Accumulation and aggregation of amyloid-β peptides proteolytically cleaved from amyloid precursor protein (APP) initiate the pathogenesis of Alzheimer’s disease. While this concept is widely held, it remains unclear why amyloid-β accumulates in the human brain. The pathogenic mechanism of amyloid-β accumulation is apparently heterogeneous; some individuals have amyloid-β accumulation due to the genetic inheritance of mutations in genes that encode for APP and presenilins 1 and 2, or because they have inherited polymorphic allele of apolipoprotein E. However, these genetic variants can only account for fewer than half of total AD cases, thus it remains unclear why of the remaining half of all AD patients had amyloid-β accumulation and eventually developed their condition. Recent studies by ourselves and others demonstrate that synapses play important roles in amyloid-β accumulation in human brains. Our study objective is to reveal the molecular events associated with synaptic regulation of amyloid-β metabolism in animal models by using state-of-the-art techniques.
In the first portion of the study, Dr. Shinohara will assess how synapses regulate APP metabolism leading to amyloid-β production in freely moving animals. To this end, he will use a novel microdialysis technique that can detect large size molecules around 100 kDa (a kDa is a unit of atomic mass signifying one-thousandth of a Dalton, or approximately the mass of one nucleon, either a single proton or neutron). Then he will manipulate synaptic function in pharmacological and non-pharmacological ways in order to determine their effect on APP metabolites.
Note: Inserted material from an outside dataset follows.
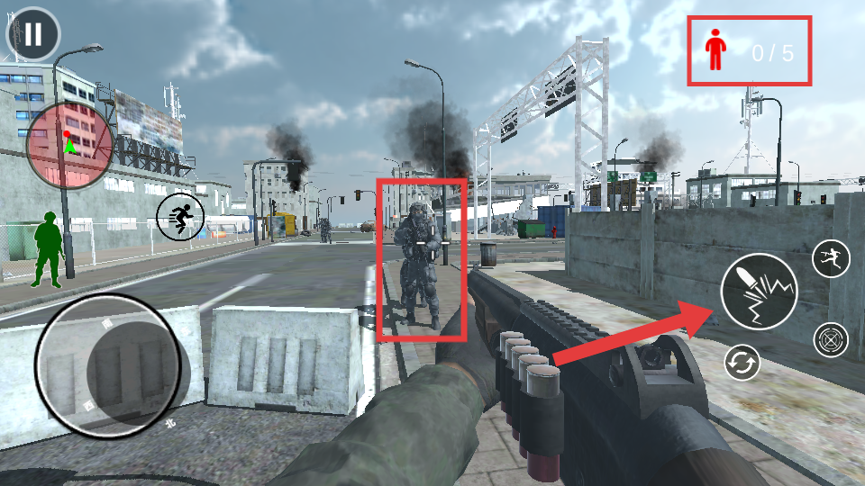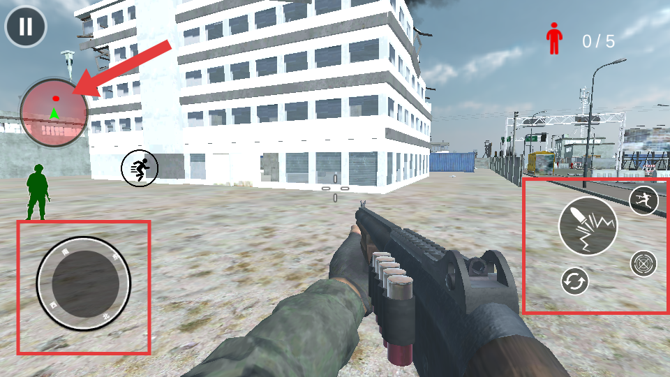 3、關(guān)注右上角【人-0/5】的目標(biāo)數(shù)量提示,發(fā)現(xiàn)如畫(huà)面中框選的敵人時(shí),迅速瞄準(zhǔn)并射擊將其消滅。
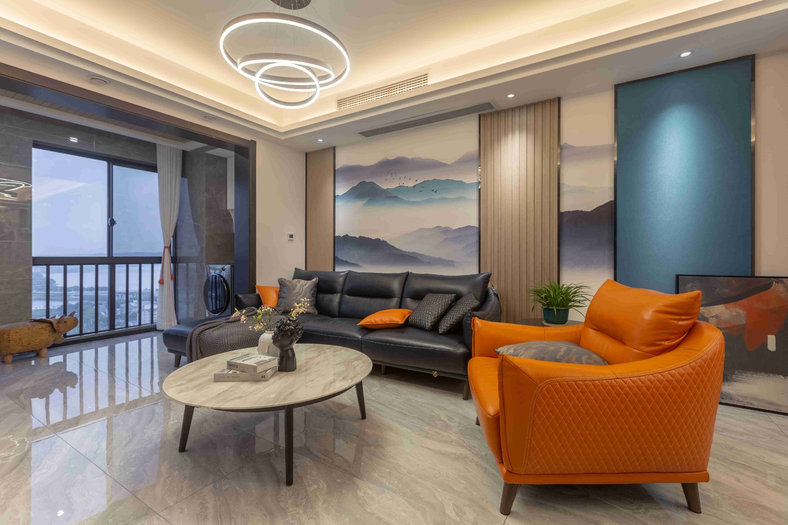 橙色單人皮質(zhì)沙發(fā),造型獨(dú)特的工藝吊燈,電視墻左側(cè)佇立的木柜,都為客廳的灰藍(lán)白色調(diào)增添了色彩。

In the second portion of the study, Dr. Shinohara will assessing how synaptic function affects extracellular metabolites in freely moving animals. In this part of the study will utilize a metabolimics approach that can detect thousands of metabolites at one time. Again the design calls for manipulating synaptic function, similar to that done in the first portion of the study, in order to determine their effects on extracellular metabolites.
Biomarkers, or surrogate markers of disease initiation and progress, would be very useful for helping us understand why people develop Alzheimer’s disease. By studying how synapses regulate APP metabolism and other extracellular metabolites, Dr. Shinohara’s study will identify surrogate biomarkers that indicate disturbances in synaptic Aβ metabolism in brains. Eventually, the results of the study will be useful for tracking and targeting effective treatments for AD.
Mitsuru Shinohara is a postdoctoral fellow in the laboratory of Guojun Bu, PhD, a neuroscientist at the Mayo Clinic in Jacksonville, FL. Dr. Shinohara’s research into Alzheimer’s disease commenced at the University of Tokyo under the direction of Takeshi Iwatsubo, MD, a neuropathologist, and Taisuke Tomita, PhD, a pathological biochemist. He completed his PhD studies in 2010 at Osaka University under the direction of Ryuichi Morishita, MD, PhD, a cardiologist, and Naoyuki Sato, MD, PhD, a gerontologist. Dr. Shinohara’s major interest lies in studying the etiology and treatments of Alzheimer’s disease. He has been principal investigator or a collaborating scientist in several Alzheimer’s disease research projects, and has been published in over 15 peer-reviewed journals, including the Journal of Biological Chemistry, the Journal of Neuroscience, PNAS, Acta Neuropathologica, and Brain.